A: “It wasn’t easy and it took almost a year to film everyone. We began at the 2010 Camera Image festival in Poland and got a bunch of (cinematographers) there, including all these greats I’d worked with, such as Vittorio Storaro, Michael Chapman and Michael Balhaus. That was our start, and then word-of-mouth spread, and I began contacting some of the directors I’d worked with over the past 25 years. So that history together obviously helped get some of the big names on board and we just started building momentum. We ended up getting nearly 150 people and then we had to cut it down for the final movie.”

Q: Did anyone turn you down?

A: “We got nearly everyone we wanted, although of course some people were unavailable or didn’t want to be interviewed, for whatever reason.”

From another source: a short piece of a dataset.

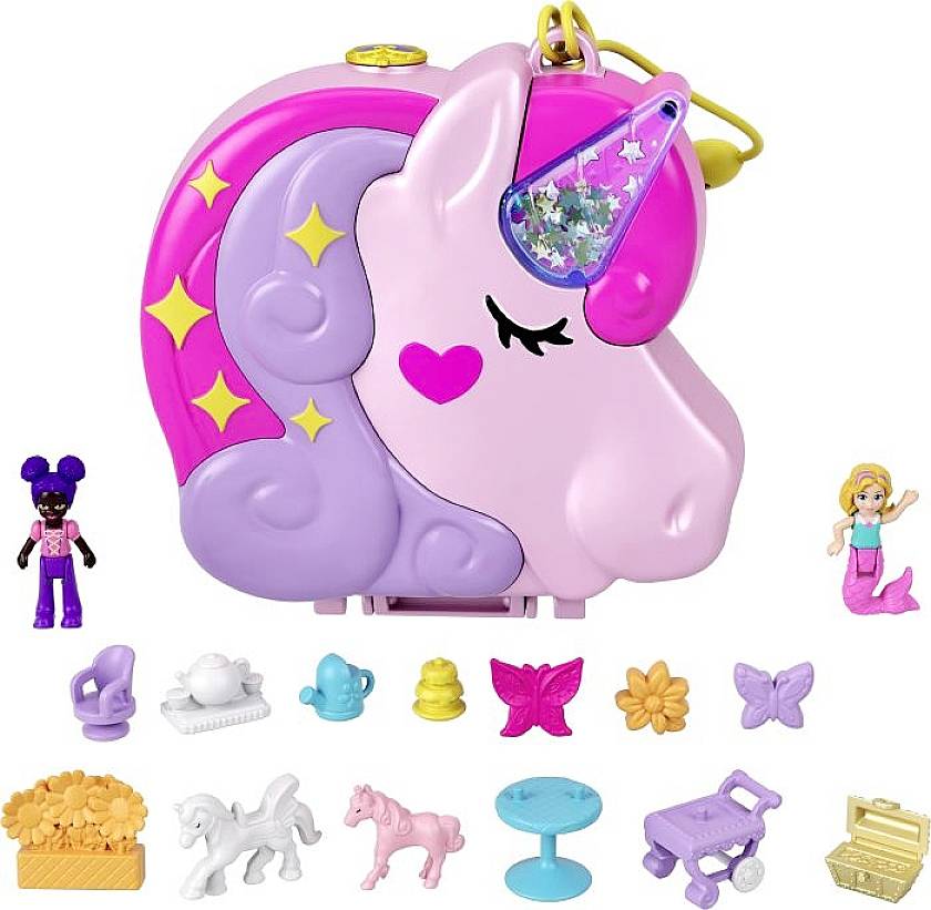 Magische Überraschungen warten mit Polly Pocket! Perfekt zum Spielen zu Hause oder unterwegs lädt diese Einhorn-Zauber Schatulle zur Teeparty im Wald ein, mit Einhorndesign außen und einem durchsichtigen Horn, das mit Glitzer zum Schütteln gefüllt ist. Die Schatulle enthält fünf überraschende Funktionen, 13 Zubehörteile und 2 kleine Puppen. Die folgenden lustigen Aktivitäten laden zum Entdecken ein: Die Pferdeställe lassen sich öffnen (das Zubehör umfasst zwei kleine Einhornfiguren), die Puppen können Spaß auf der Schmetterlingsschaukel haben und die Pilztür lässt sich öffnen. Einige Zubehörteile können an verschiedenen Stellen der Schatulle angebracht werden. Das sorgt für noch mehr Abwechslung beim Spielen! Abweichungen in Farbe und Gestaltung vorbehalten. Tolles Geschenk für Kinder ab 4 Jahren.

Q: Who was the hardest person to get hold of?

A: “Chris Nolan, because his schedule on ‘The Dark Knight Rises’ was so crazy. It took a long time to set that one up.

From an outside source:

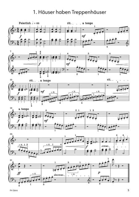 eine Klaviergeschichte für Kinder ab 6 Jahren 1) Häuser haben Treppenhäuser, 2) Der große Schlüssel, 3) Finger weg!, 4) Die Spieluhr am Puppenwagen, 5) Eine Runde schaukeln, 6) Der ungebetene Gast, 7) Reise über Koffer und Kisten, 8) Uniform ohne Knöpfe, 9) Tanz der Buchstaben, 10) Die verzauberte Schreibmaschine, 11) Das kleine Geheimnis, 12) Die verlorene Schreibmaschine, 13) Die unbeschwerte Zeit

Q: Nolan’s always been an outspoken champion of film as opposed to digital. Is it true you appealed to his anti-digital sentiments by writing him an old-fashioned letter?

A: “Yes, I actually wrote to him on an old-fashioned typewriter. I think he got a kick out of that and we finally shot him in his trailer on the Batman set in LA.”

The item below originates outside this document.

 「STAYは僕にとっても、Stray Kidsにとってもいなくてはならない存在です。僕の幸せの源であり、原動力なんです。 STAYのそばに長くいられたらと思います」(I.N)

Q: You also managed to get “Matrix” directors, the Wachowskis. That was quite a coup as they haven’t done an interview in over a decade.

A: “Well, we’ve stayed friends since ‘The Matrix’ films and they were lovely. I felt honored that they wanted to be a part of this. And I think they add so much to this documentary and may surprise a lot of people with their views. Although they pioneered so many digital techniques in the ‘Matrix’ films, they have this big love for film and the look of film.

Q: Any other highlights?

A: “Talking to George Lucas was pretty special. The sheer impact that he’s had on digital cinema is just so amazing, and I learned so much. I mean, I wasn’t familiar with his development of the EditDroid which then turned into the Avid but we all know about ILM and THX and his work with digital cameras. He’s a true maverick and pioneer of where we are today. He’s done it all.

Q: Having made the documentary, how do you feel about the future of physical film? Is it dead?

A: “I think it is. Even Chris Nolan admits that film, if not dead, is now on life support, and it’s just going to become more and more difficult to even get film. Personally I’m a big film fan and it’s sad to see it go but the future is digital.”

Q: You’re also behind the camera again directing your first big feature, a kung fu adventure titled “Man of Tai Chi,” and shooting it in China. Did you go digital?

A: (Laughs) “We did. I developed this project for five years and we’re shooting on location in Beijing and Hong Kong. I’m having a great time directing and I definitely plan to do it again.”